Every record must be transcribed in its entirety, apart from the images, which are to be omitted.

================================

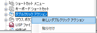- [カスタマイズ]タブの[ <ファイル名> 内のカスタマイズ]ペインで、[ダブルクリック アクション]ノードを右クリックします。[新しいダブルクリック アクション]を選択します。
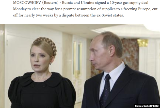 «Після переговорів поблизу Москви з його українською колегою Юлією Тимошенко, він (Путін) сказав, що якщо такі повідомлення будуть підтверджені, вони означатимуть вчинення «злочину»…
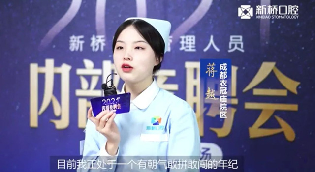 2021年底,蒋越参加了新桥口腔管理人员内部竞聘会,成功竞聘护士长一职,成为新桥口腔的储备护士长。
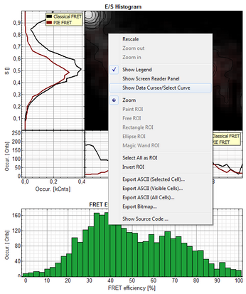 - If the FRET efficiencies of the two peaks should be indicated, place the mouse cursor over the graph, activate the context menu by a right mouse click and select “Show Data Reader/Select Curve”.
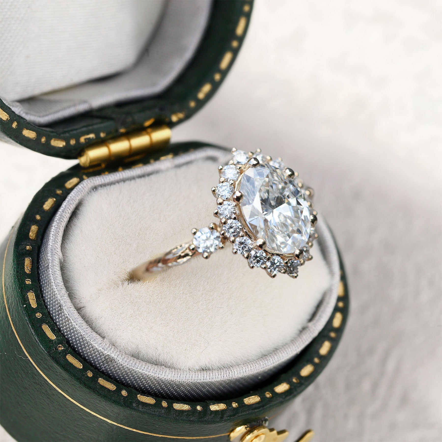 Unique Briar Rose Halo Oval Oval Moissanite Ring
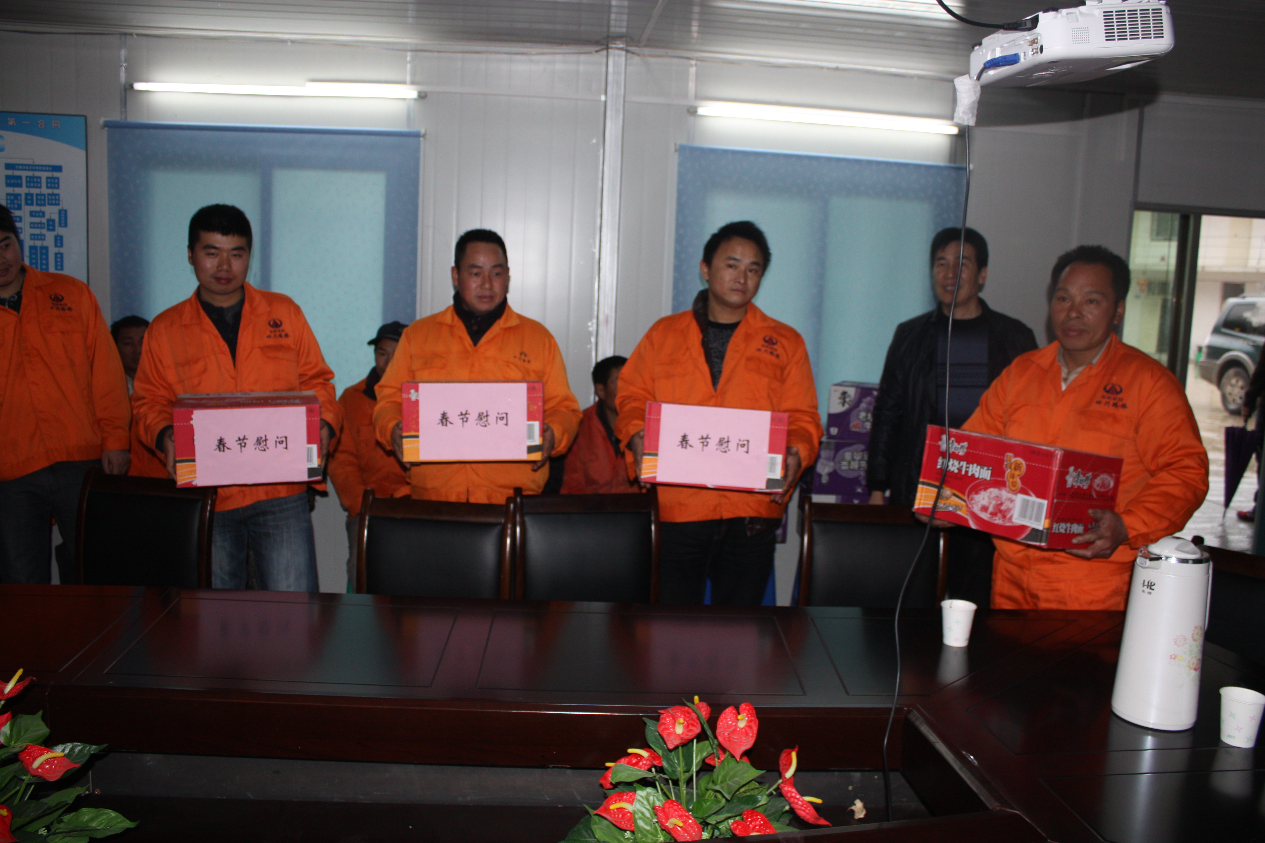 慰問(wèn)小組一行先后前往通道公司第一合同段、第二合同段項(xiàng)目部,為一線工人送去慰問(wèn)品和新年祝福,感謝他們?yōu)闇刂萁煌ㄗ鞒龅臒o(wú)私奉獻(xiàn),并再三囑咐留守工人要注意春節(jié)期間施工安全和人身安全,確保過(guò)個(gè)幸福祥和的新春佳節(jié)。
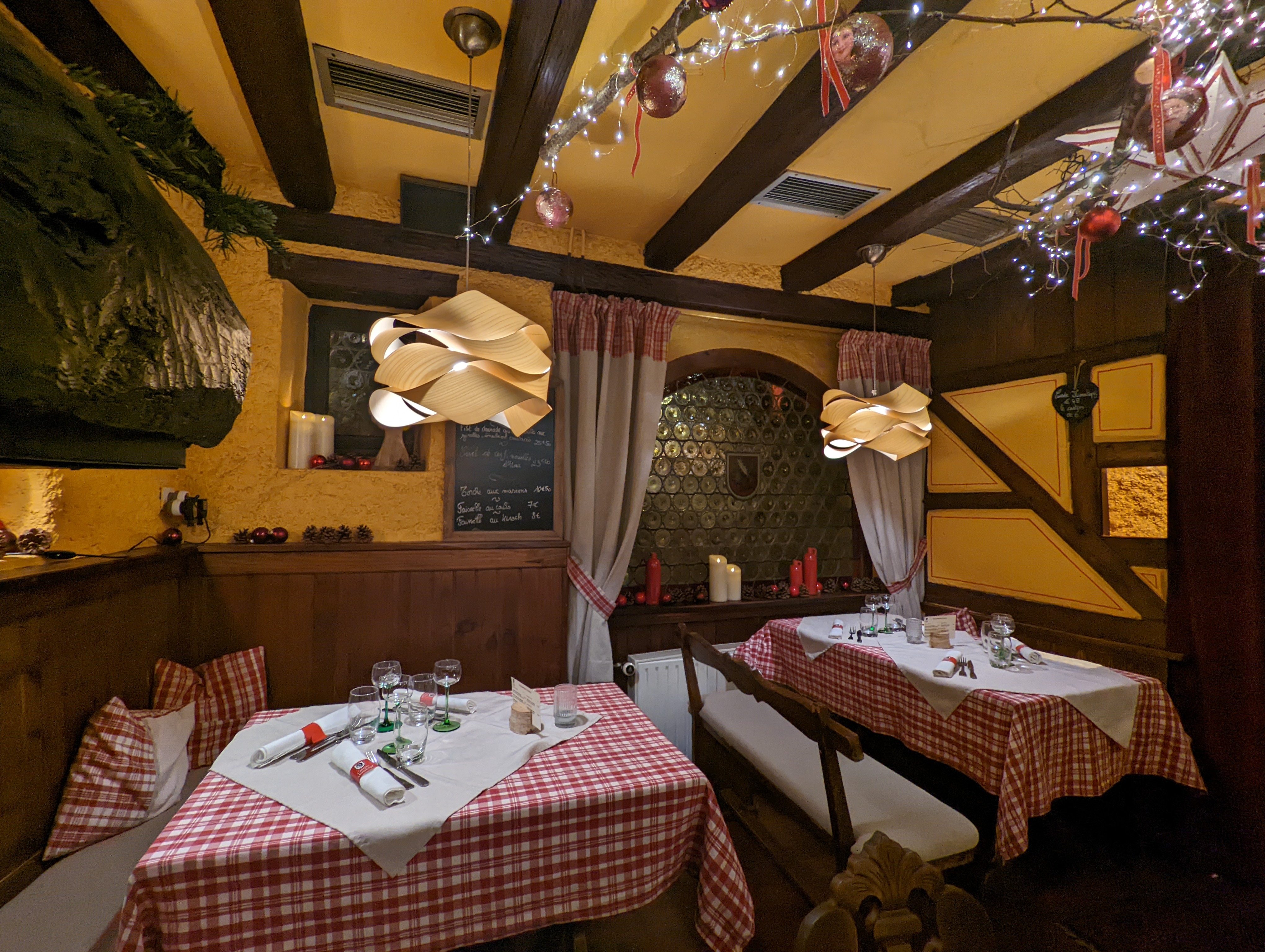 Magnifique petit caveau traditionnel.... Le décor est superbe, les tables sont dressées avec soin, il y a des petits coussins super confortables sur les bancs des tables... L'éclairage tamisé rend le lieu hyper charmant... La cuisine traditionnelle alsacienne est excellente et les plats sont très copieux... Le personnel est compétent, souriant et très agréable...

================================

— Solution to the problem —
- [カスタマイズ]タブの[ <ファイル名> 内のカスタマイズ]ペインで、[ダブルクリック アクション]ノードを右クリックします。[新しいダブルクリック アクション]を選択します。
 «Після переговорів поблизу Москви з його українською колегою Юлією Тимошенко, він (Путін) сказав, що якщо такі повідомлення будуть підтверджені, вони означатимуть вчинення «злочину»…
 2021年底,蒋越参加了新桥口腔管理人员内部竞聘会,成功竞聘护士长一职,成为新桥口腔的储备护士长。
 - If the FRET efficiencies of the two peaks should be indicated, place the mouse cursor over the graph, activate the context menu by a right mouse click and select “Show Data Reader/Select Curve”.
 Unique Briar Rose Halo Oval Oval Moissanite Ring
 慰問(wèn)小組一行先后前往通道公司第一合同段、第二合同段項(xiàng)目部,為一線工人送去慰問(wèn)品和新年祝福,感謝他們?yōu)闇刂萁煌ㄗ鞒龅臒o(wú)私奉獻(xiàn),并再三囑咐留守工人要注意春節(jié)期間施工安全和人身安全,確保過(guò)個(gè)幸福祥和的新春佳節(jié)。
 Magnifique petit caveau traditionnel.... Le décor est superbe, les tables sont dressées avec soin, il y a des petits coussins super confortables sur les bancs des tables... L'éclairage tamisé rend le lieu hyper charmant... La cuisine traditionnelle alsacienne est excellente et les plats sont très copieux... Le personnel est compétent, souriant et très agréable...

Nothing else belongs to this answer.